» ASSIGNMENT: The copy should begin at the line containing "Set of 3 Sacred" and end with the last line below, every line exact and no picture included.

DATA EXTRACT section start

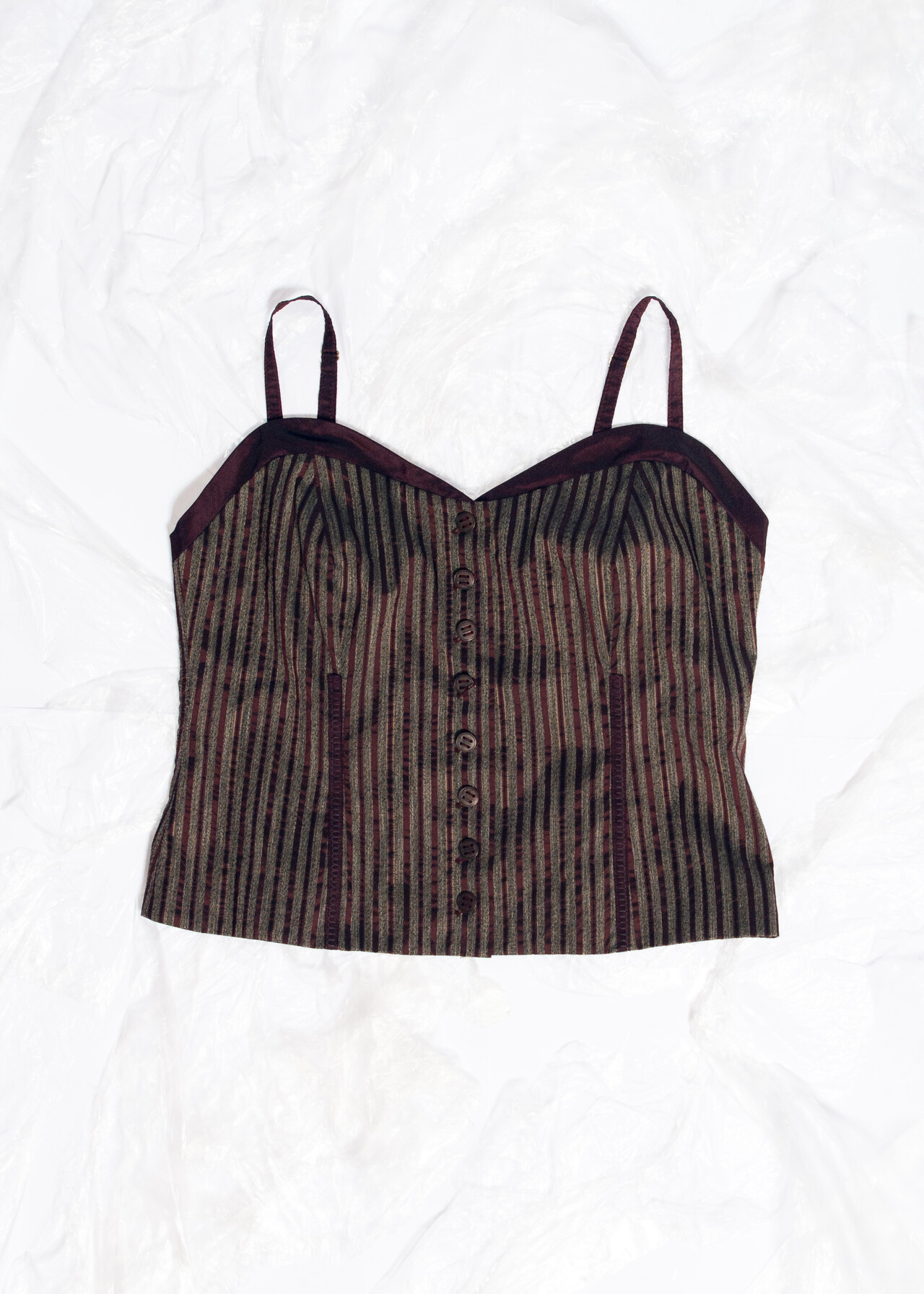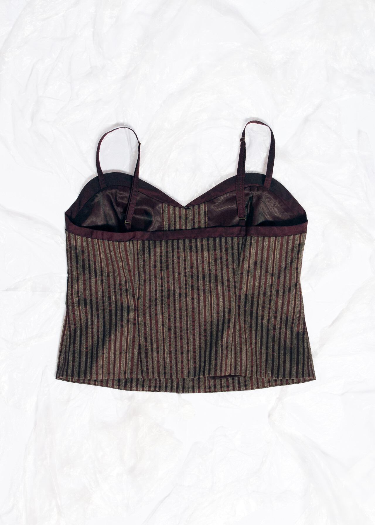 Vintage Y2K Corset Top in Grey and Maroon Striped
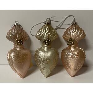 Set of 3 Sacred Heart Pink and White Holiday Ornaments. kk379
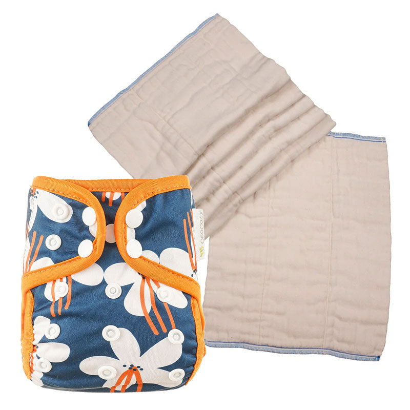 This trial package lets you try our unbleached prefolds with an OsoCozy One Size Diaper Cover. It includes 6 OsoCozy Infant 4x8x4 Unbleached Prefold Diapers with 1 OsoCozy One-Size Diaper Cover, your choice of color or pattern. This is a great way to add some extra prefold diapers to your changing station or give prefolds a first try with our money saving trial package.
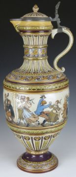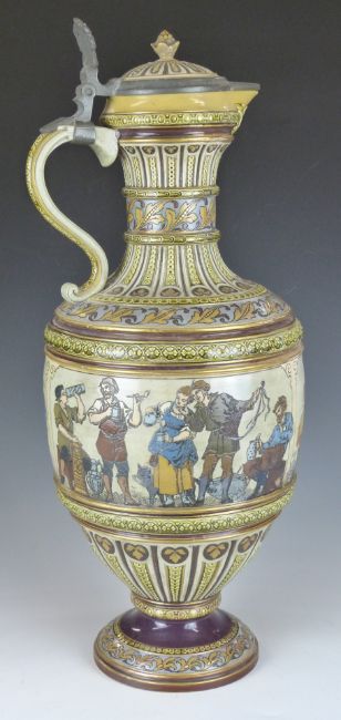 German Mettlach large pedestal marriage ewer with pewter mount, decorated with musicians drinking and dancing figures, the pewter lid inscribed A Westendaup BCR, Bremen 13/9/85, impressed 1159 to base, H52cm

DATA EXTRACT section end

» RESPONSE TO THE EXERCISE:
 Set of 3 Sacred Heart Pink and White Holiday Ornaments. kk379
 This trial package lets you try our unbleached prefolds with an OsoCozy One Size Diaper Cover. It includes 6 OsoCozy Infant 4x8x4 Unbleached Prefold Diapers with 1 OsoCozy One-Size Diaper Cover, your choice of color or pattern. This is a great way to add some extra prefold diapers to your changing station or give prefolds a first try with our money saving trial package.
 German Mettlach large pedestal marriage ewer with pewter mount, decorated with musicians drinking and dancing figures, the pewter lid inscribed A Westendaup BCR, Bremen 13/9/85, impressed 1159 to base, H52cm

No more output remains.